Task statement
From the data below, please reproduce exactly everything from the line that contains "Прогноз магнитных бурь" down to the line that contains "Nai liều lĩnh mò vào lều tìm thức ăn", with both ends included.

Source data
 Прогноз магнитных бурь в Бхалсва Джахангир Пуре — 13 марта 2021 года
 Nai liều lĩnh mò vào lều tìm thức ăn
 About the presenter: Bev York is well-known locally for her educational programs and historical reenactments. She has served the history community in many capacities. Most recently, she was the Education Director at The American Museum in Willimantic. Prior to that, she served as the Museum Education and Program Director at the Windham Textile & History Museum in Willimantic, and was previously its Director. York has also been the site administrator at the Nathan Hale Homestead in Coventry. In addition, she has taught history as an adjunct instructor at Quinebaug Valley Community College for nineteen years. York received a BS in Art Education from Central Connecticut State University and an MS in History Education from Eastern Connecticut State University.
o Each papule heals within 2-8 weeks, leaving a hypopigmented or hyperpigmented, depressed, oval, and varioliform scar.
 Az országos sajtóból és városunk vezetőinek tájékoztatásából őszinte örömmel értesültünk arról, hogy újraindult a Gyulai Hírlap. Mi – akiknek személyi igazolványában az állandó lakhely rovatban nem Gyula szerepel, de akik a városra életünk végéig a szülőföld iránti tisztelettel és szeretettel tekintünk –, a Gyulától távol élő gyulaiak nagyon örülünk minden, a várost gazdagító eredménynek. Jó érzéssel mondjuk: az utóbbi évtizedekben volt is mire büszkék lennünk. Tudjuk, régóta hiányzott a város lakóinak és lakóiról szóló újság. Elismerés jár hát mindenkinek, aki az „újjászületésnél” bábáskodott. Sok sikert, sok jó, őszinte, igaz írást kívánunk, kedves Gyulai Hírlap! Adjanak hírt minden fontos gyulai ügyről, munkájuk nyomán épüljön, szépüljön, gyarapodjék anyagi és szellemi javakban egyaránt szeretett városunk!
--
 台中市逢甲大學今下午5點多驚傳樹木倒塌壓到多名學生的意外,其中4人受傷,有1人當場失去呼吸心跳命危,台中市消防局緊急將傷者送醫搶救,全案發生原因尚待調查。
==
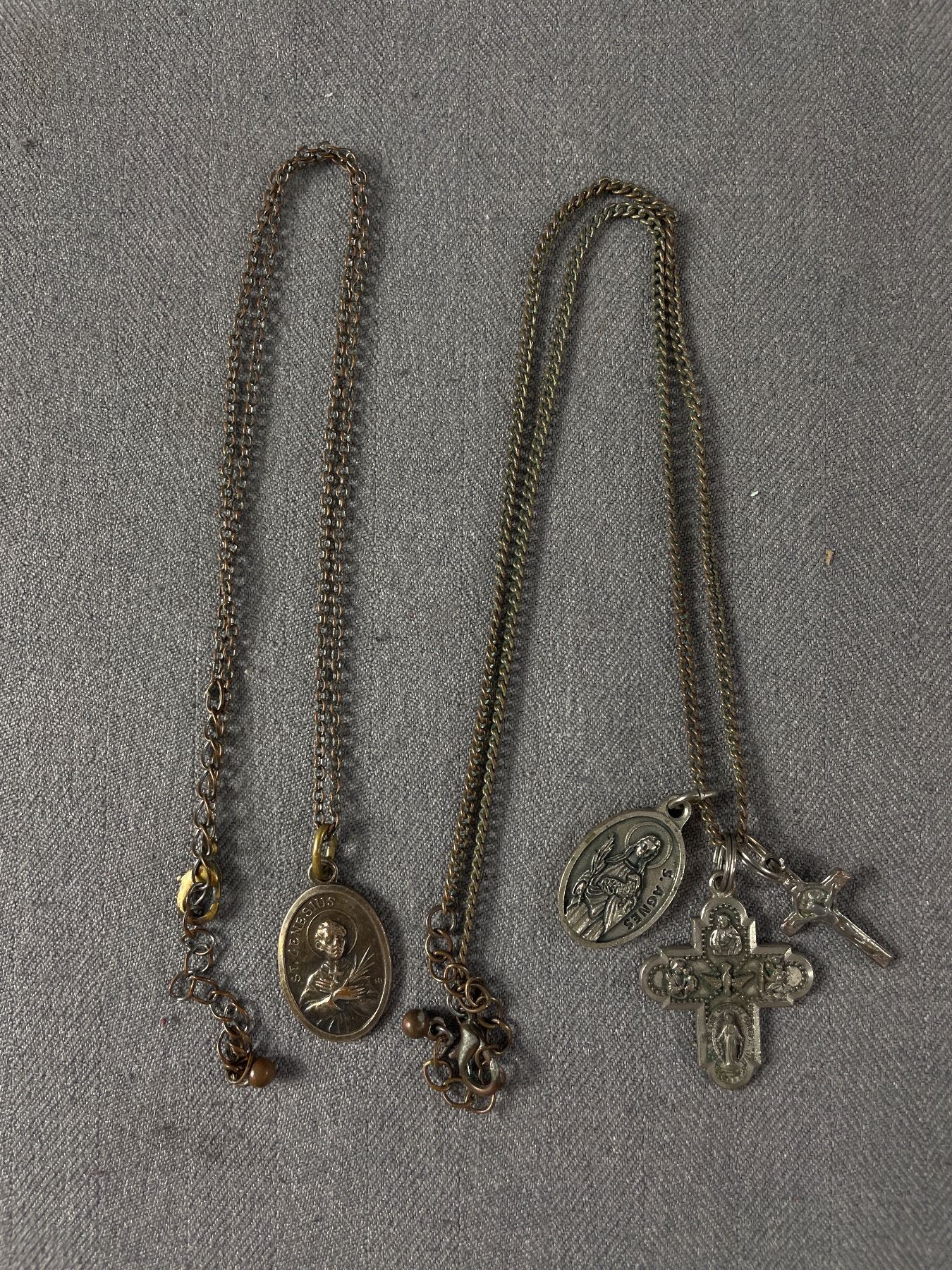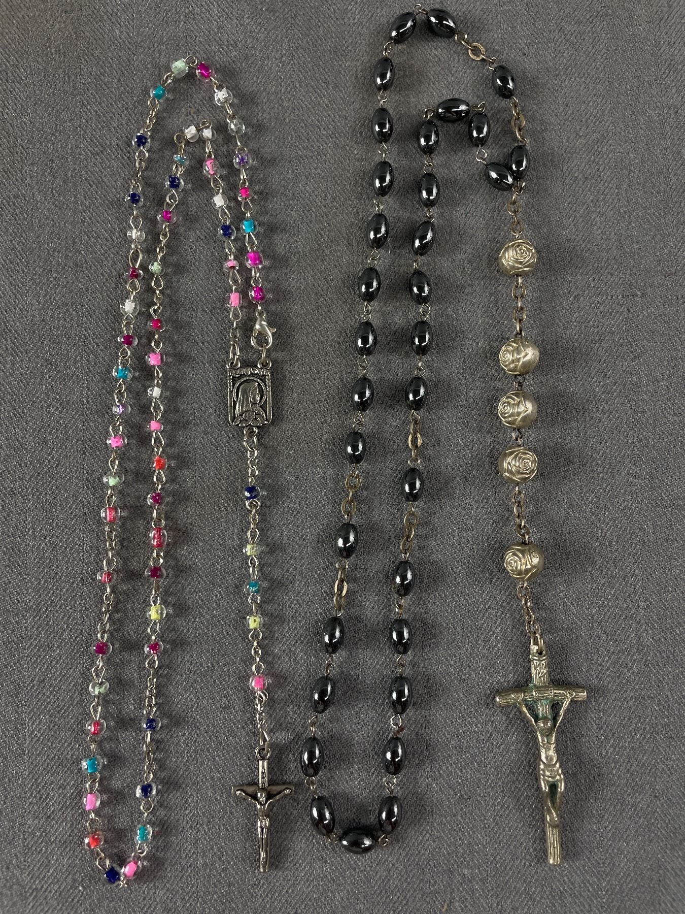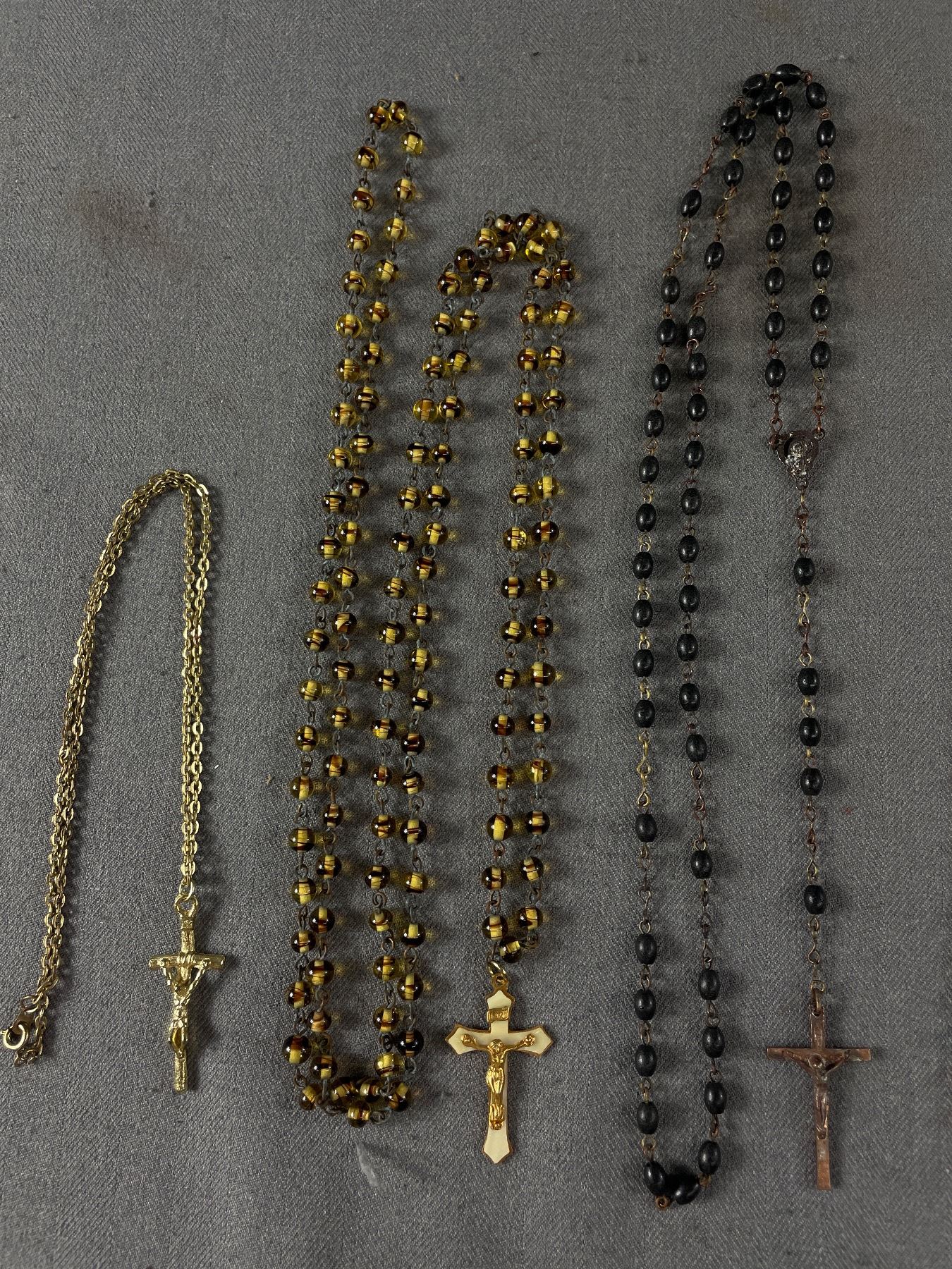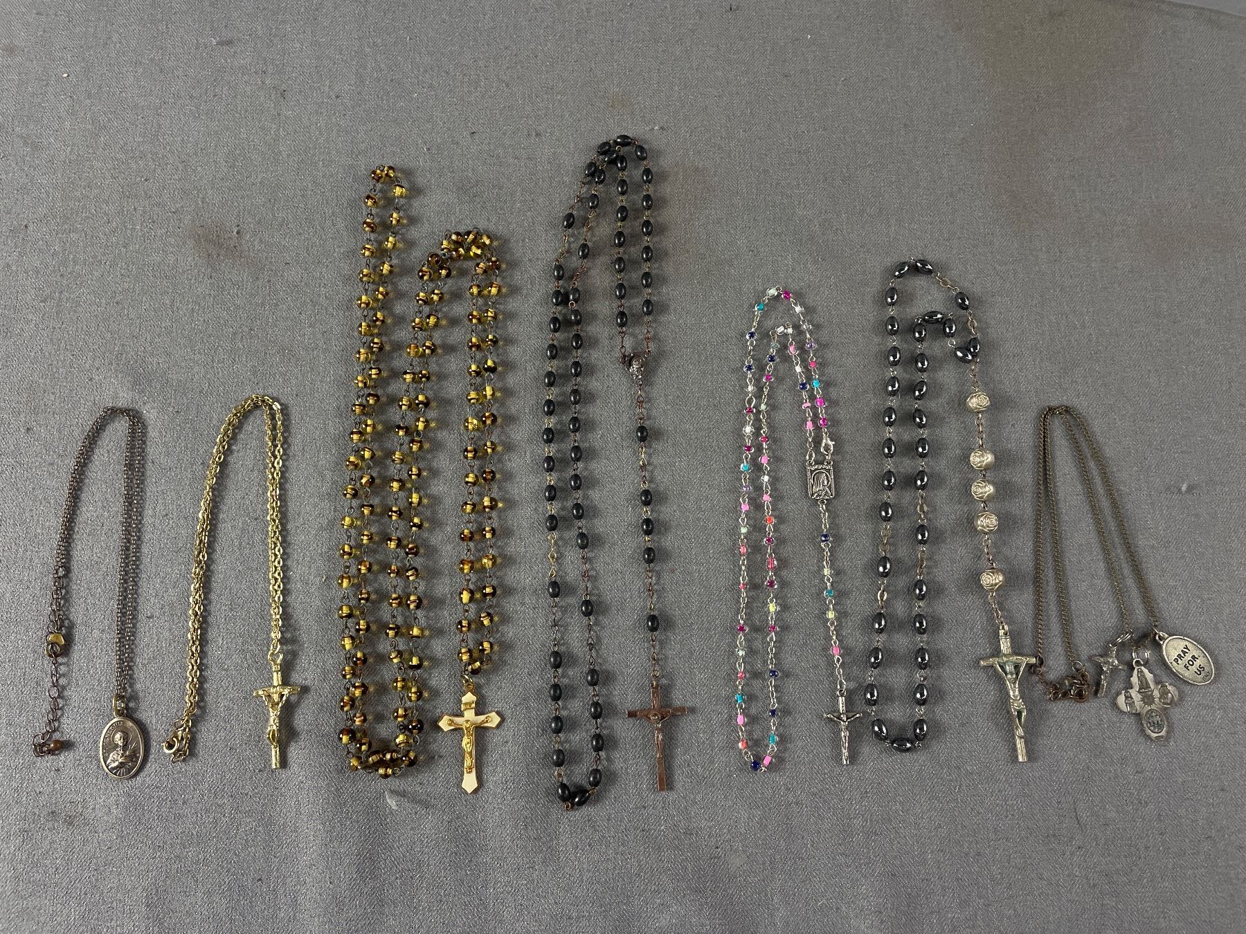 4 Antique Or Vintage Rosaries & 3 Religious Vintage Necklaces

Output for this task
 Прогноз магнитных бурь в Бхалсва Джахангир Пуре — 13 марта 2021 года
 Nai liều lĩnh mò vào lều tìm thức ăn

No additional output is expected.